> [Dataset section]:

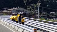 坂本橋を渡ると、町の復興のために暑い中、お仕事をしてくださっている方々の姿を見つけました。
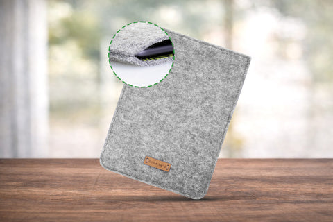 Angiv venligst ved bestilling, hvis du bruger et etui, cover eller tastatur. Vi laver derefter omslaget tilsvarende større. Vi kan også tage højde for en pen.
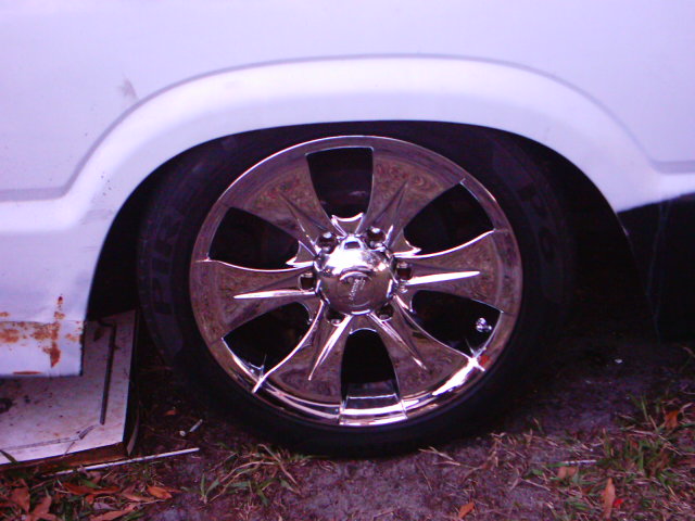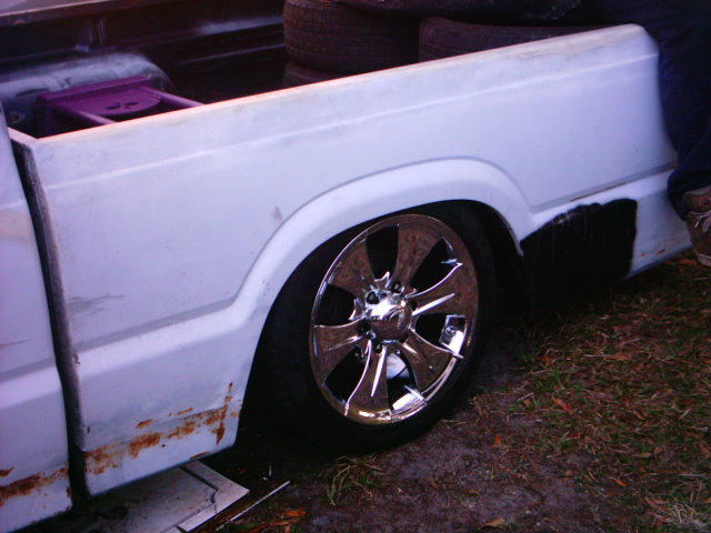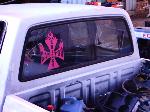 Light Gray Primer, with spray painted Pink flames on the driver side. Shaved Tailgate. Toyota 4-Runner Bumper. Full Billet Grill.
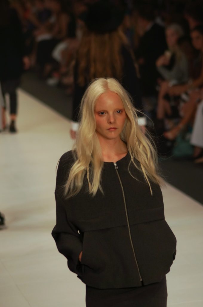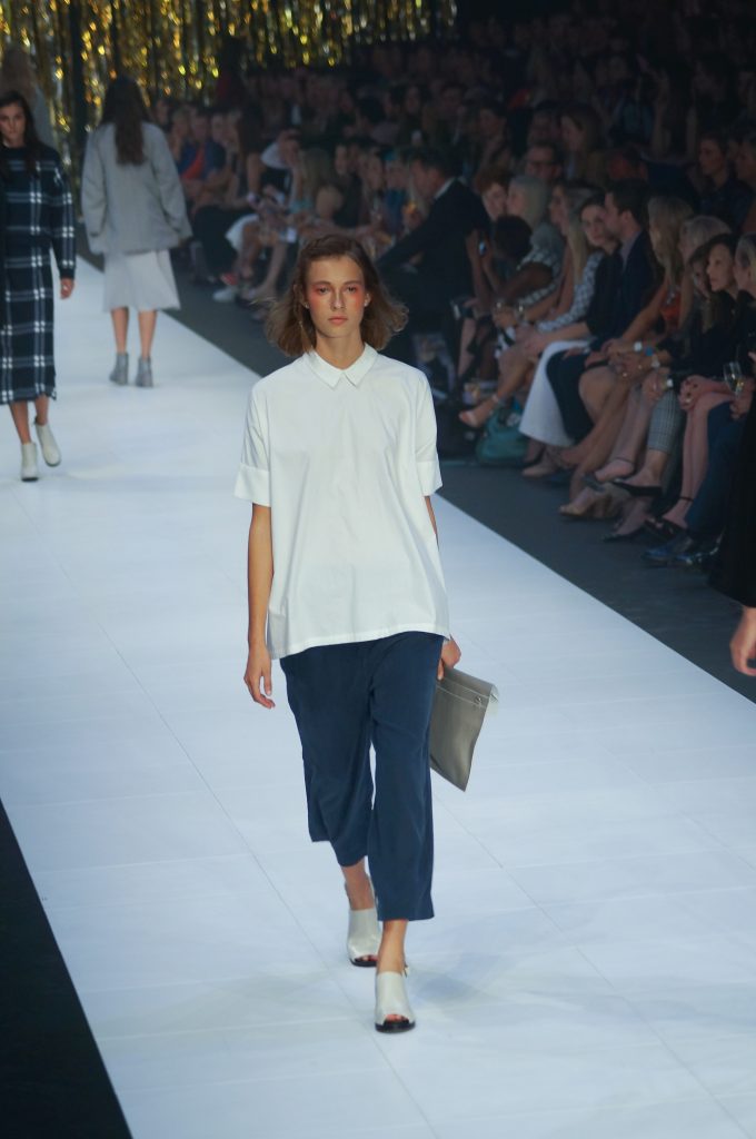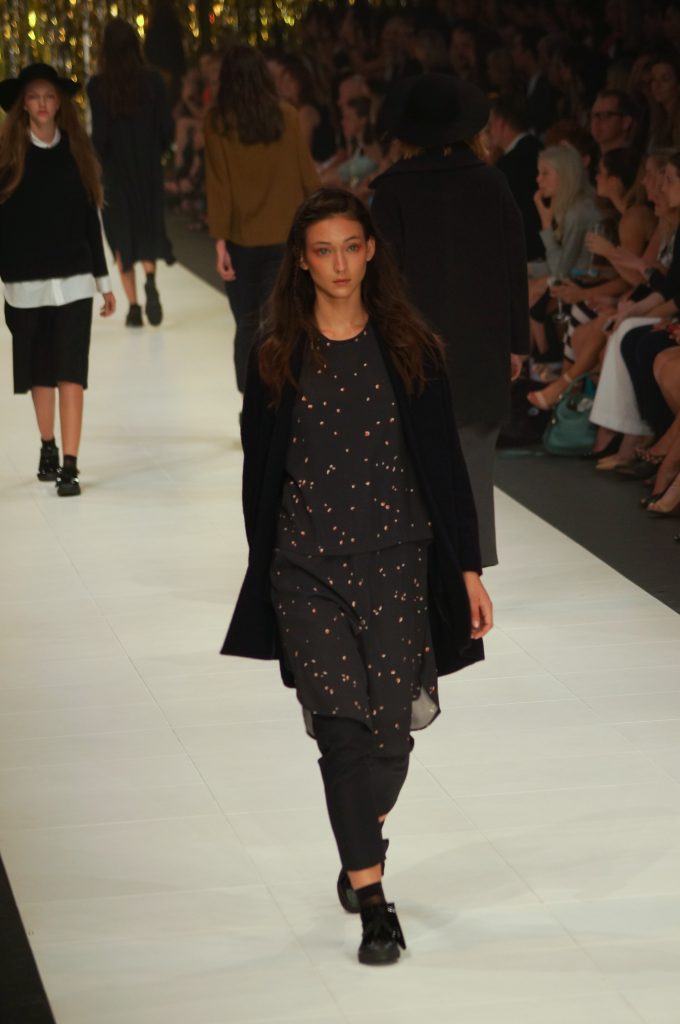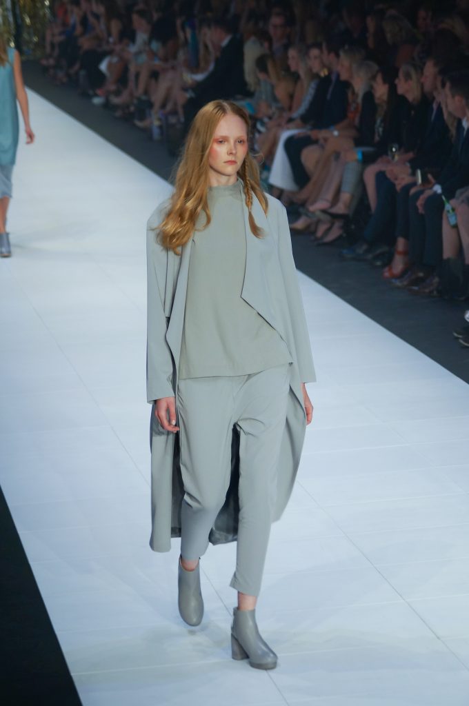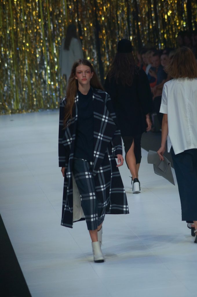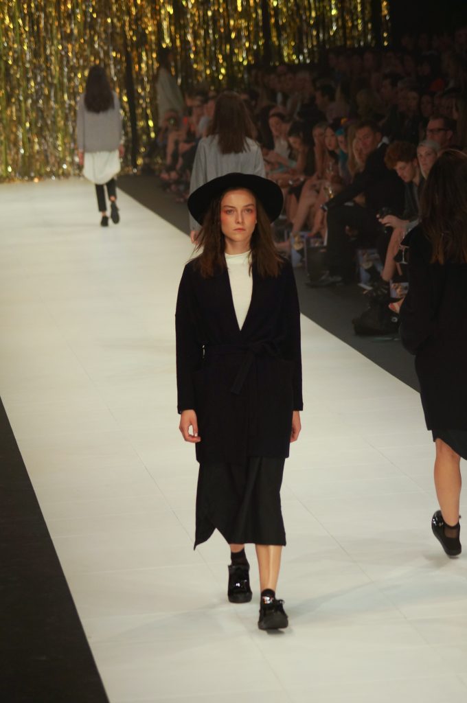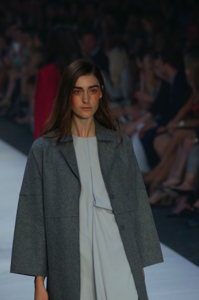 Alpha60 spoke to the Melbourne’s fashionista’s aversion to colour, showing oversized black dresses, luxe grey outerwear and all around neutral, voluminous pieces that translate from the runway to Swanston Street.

> [Work instruction]:
Copy the material shown above in full and exactly. Skip the pictures.

> [Exercise response]:
 坂本橋を渡ると、町の復興のために暑い中、お仕事をしてくださっている方々の姿を見つけました。
 Angiv venligst ved bestilling, hvis du bruger et etui, cover eller tastatur. Vi laver derefter omslaget tilsvarende større. Vi kan også tage højde for en pen.
 Light Gray Primer, with spray painted Pink flames on the driver side. Shaved Tailgate. Toyota 4-Runner Bumper. Full Billet Grill.
 Alpha60 spoke to the Melbourne’s fashionista’s aversion to colour, showing oversized black dresses, luxe grey outerwear and all around neutral, voluminous pieces that translate from the runway to Swanston Street.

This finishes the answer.